The bracketed comment is mine.  While I don't know anything at all about Tamil morphology, these words do not seem to have systematic phonological correspondence with the Latin counterparts.  Please do not bring in candidate words based solely on crude similarity.




john welch said:


> My #26 has : "On reflection, the Etruscans with Greek-Phoenician influence, may have derived "vatieke", as Cambodians derived "vataka.wat", from PIE *wasto. Latin "vates" is from PIE*wat."
> Your 1st q. does not relate to my words.

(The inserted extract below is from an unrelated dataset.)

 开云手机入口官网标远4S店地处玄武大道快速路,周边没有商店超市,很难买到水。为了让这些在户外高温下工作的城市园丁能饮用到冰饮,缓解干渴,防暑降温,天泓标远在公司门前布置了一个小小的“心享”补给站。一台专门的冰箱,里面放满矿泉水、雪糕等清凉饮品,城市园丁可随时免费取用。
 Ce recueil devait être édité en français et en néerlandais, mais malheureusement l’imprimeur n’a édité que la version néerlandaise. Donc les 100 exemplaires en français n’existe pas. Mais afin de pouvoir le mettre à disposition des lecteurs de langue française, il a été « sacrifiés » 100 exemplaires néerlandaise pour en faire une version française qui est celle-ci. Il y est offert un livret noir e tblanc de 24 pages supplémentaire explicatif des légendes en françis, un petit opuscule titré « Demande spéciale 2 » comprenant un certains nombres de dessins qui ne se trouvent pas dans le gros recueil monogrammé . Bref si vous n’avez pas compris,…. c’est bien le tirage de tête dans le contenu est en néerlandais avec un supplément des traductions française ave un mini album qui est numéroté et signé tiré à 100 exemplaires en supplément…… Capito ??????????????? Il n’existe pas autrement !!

If the Etruscan and the Latin words are from two different PIE roots, what then is the point of discussing the former in a thread about the latter?

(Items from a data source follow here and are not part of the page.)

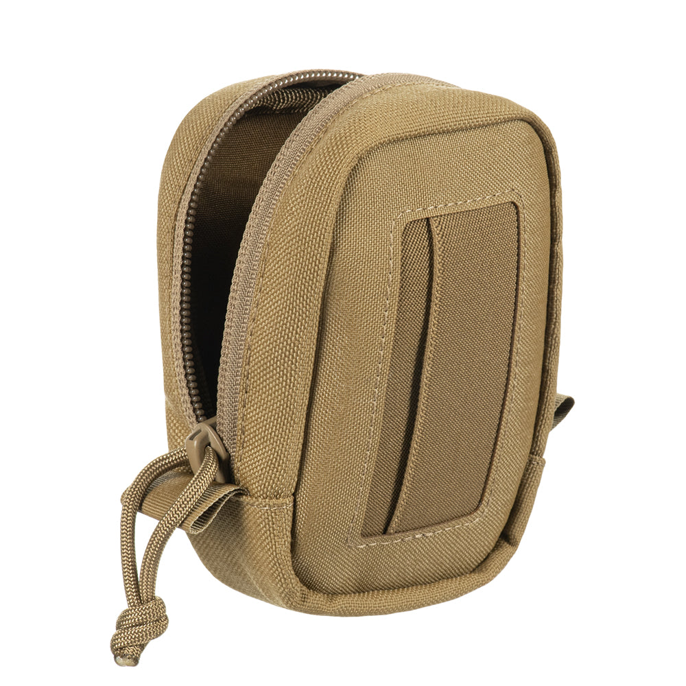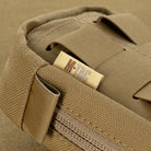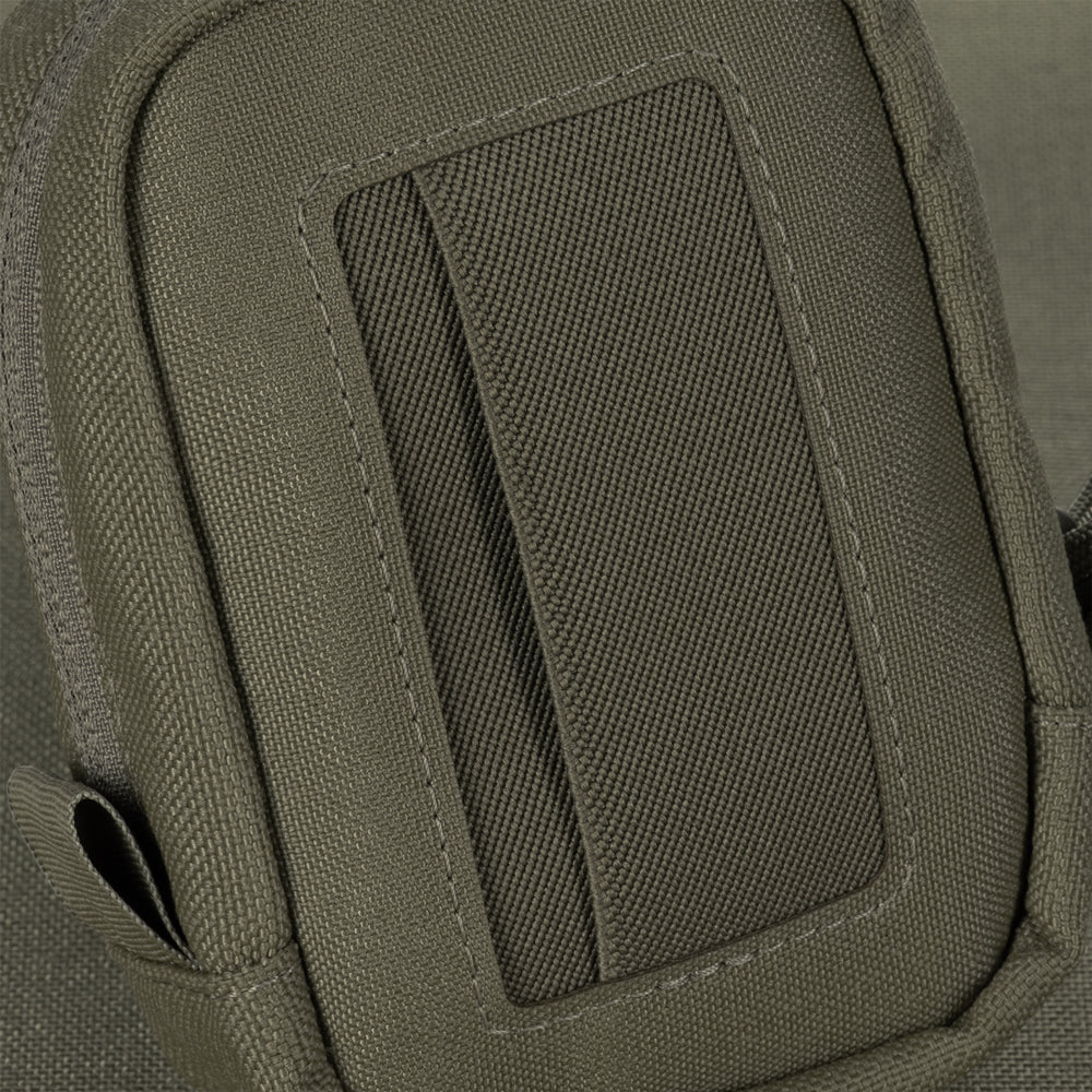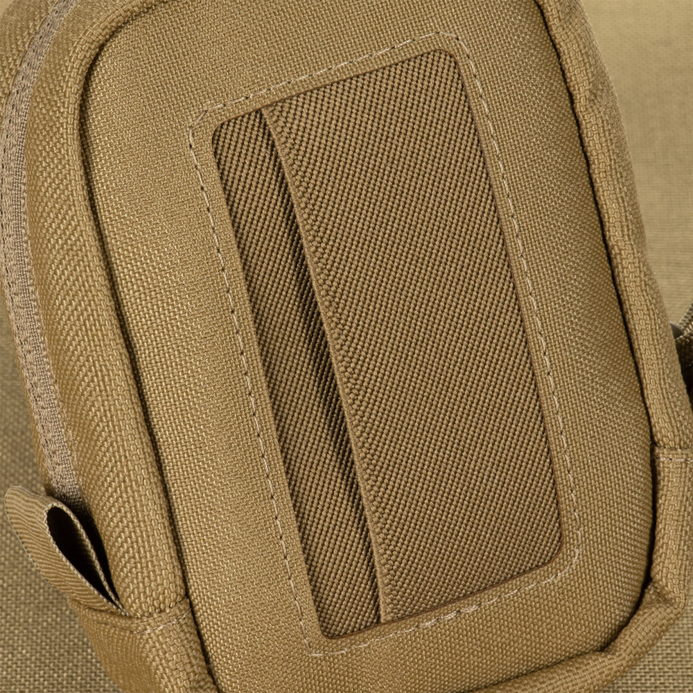 The pouch is designed for secure storage and transport of medical gloves (optimal capacity – 10 pairs). Made from Cordura 1000D, a high-quality, wear-resistant material, it provides protection against mechanical damage and ensures long-term use. The front panel is made from Cordura Squadron and features nylon elastic bands that securely hold the contents while allowing quick access. The back panel is also made from Cordura Squadron and features a MOLLE Laser Cut system. This system is lighter than standard MOLLE, helping reduce the overall weight of the pouch by approximately 35%.
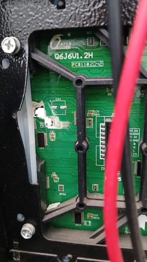 — При внимательном осмотре наш электрик увидел на экране отверстия, похожие на пулевые – сквозные и круглые, — рассказал директор компании «ПлазмаВижн» Рубен Оганесян. – Это был акт вандализма, причём целенаправленный. Потому что в конце октября произошло подобный инцидент. Тогда мы насчитали семь отверстий, а после второго – 24 в общей сложности. Некоторые пули задержались в несущей раме, а часть – пройдя насквозь, застряла в бетонной стене. Это были свинцовые блямбы. После первого раза нам удалось починить технику, тогда просто некоторые пиксели не светились, и она вновь заработала. А во второй раз из строя вывели платы управления.
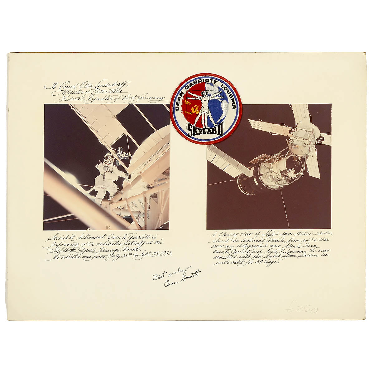 Handwritten document, signed by the US NASA astronaut Owen Kay Garriott and with dedication to Count Otto Lambsdorff (1926-2009). Adorned with 2 original NASA photo-prints and a Skylab insignia. Size 19 5/8 x 15 in.

> I'm guessing that Gr. vatika (region name) is linked to Etruscan vatieke, and speculating that Skt vataka was known to brahmins living in Phoenicia, with common root *wastu.


The Greek and the Etruscan words are not linked (see below).  The IE database I have been quoting does not link Sanskrit _vāṭaka_ to PIE _*wastu-_.  You are confounding t and ṭ (T with underdot) once again.  I don't think PIE *t can change into Sanskrit ṭ but if you believe _vāṭaka_ is from _*wastu-_, then please do us a favour by providing an academic discussion to support it.  Brahmins in Phoenicia?  Uh?  You regard "this speculation" as "a basis for inquiry."  In fact, no inquiries can be based on a speculation because it is not a solid fact.  An inquiry without facts at its basis is called baseless and the person who would advance it debases themselves.




sotos said:


> I was about to mention the Gr. toponym _Vatika_.


_Vatika_ is Βάτικα in the original spelling.  Unfortunately, I could not find it in the Perseus Project.  This could mean two things.  First, the Website does not provide a comprehensive list of place names.  Second, the word came into existence only later than Classical Greek.  If Βάτικα was old enough to be contemporary of Etruscan _vatieke_ or Latin _vates_, it must have been pronounced with an initial /b/.  If it was so young a word as to have an initial /v/, then the word was too late to influence either of them.  Like I said, please do not bring in candidate words based solely on crude similarity.


----------



## berndf

Flaminius said:


> _Vatika_ is Βάτικα in the original spelling.  Unfortunately, I could not find it in the Perseus Project.  This could mean two things.  First, the Website does not provide a comprehensive list of place names.  Second, the word came into existence only later than Classical Greek.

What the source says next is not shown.